I am a beginner in algebra and I am reading a textbook in commutative algebra. What I do not understand is that: How does the proof apply universal mapping properties in the second part of the proof? I do not see the quotient ring appears in the second part. Why we need $\theta$.
Basically, explanation on the second part in details to a beginner would be appreciated.
In general, universal properties provide a powerful way of proving algebraic objects are isomorphic because they state a defining property that the object must satisfy. That is, if any other object satisfies this property then it is isomorphic to the original object. In the case of localisation, the universal property says:
Given any ring $R$ and an element $f\in R$ then the localisation $R_f$ is a ring together with a map $\phi: R\rightarrow R_f$ satisfying following: given any ring map $\psi: R\rightarrow R''$ such that $f$ maps to a unit in $R''$ then there is a unique ring map $\rho: R_f\rightarrow R''$ such that $\psi = \rho\circ\phi$.
The key fact to realise (essential exercise) is that this characterises $R_f$ up to isomorphism, that is, given any other ring, $S$, that satisfies this property then $S$ is isomorphic to $R_f$.

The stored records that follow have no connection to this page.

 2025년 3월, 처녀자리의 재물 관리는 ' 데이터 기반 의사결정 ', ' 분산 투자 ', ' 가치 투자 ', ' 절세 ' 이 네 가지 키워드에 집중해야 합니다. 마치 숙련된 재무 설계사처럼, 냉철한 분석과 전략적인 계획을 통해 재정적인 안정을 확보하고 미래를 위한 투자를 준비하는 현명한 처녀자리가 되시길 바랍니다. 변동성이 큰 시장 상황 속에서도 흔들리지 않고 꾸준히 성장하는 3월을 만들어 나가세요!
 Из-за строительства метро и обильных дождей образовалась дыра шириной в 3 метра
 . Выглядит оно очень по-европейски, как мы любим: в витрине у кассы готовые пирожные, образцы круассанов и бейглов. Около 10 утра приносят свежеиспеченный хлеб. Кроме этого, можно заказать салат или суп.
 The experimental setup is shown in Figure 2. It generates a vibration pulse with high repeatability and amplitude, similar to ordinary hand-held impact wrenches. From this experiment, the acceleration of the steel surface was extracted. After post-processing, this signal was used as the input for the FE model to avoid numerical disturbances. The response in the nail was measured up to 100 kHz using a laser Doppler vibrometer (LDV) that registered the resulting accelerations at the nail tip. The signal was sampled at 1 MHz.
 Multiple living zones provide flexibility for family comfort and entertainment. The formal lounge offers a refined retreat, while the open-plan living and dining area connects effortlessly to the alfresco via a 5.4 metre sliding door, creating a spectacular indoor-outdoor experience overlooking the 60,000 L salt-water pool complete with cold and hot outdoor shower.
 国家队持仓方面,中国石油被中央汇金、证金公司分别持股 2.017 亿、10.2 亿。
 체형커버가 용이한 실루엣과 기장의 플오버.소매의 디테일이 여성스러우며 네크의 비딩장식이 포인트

Once you have this, in order to prove anything is isomorphic to $R_f$ all you need to do is show that it satisfies the universal property. This is what your quoted text does:
It starts with an arbitrary map $\psi:R\rightarrow R''$ such that $\psi(f)$ is a unit, ie $\psi(f)^{-1}$ exists. Then in order to construct a map $R[x]/(1-fx)\rightarrow R''$, first construct a map $\theta: R[x]\rightarrow R''$ that factors through the quotient (NB: this uses the universal property of quotient rings!) $\rho: R[x]/(1-fx)\rightarrow R''$.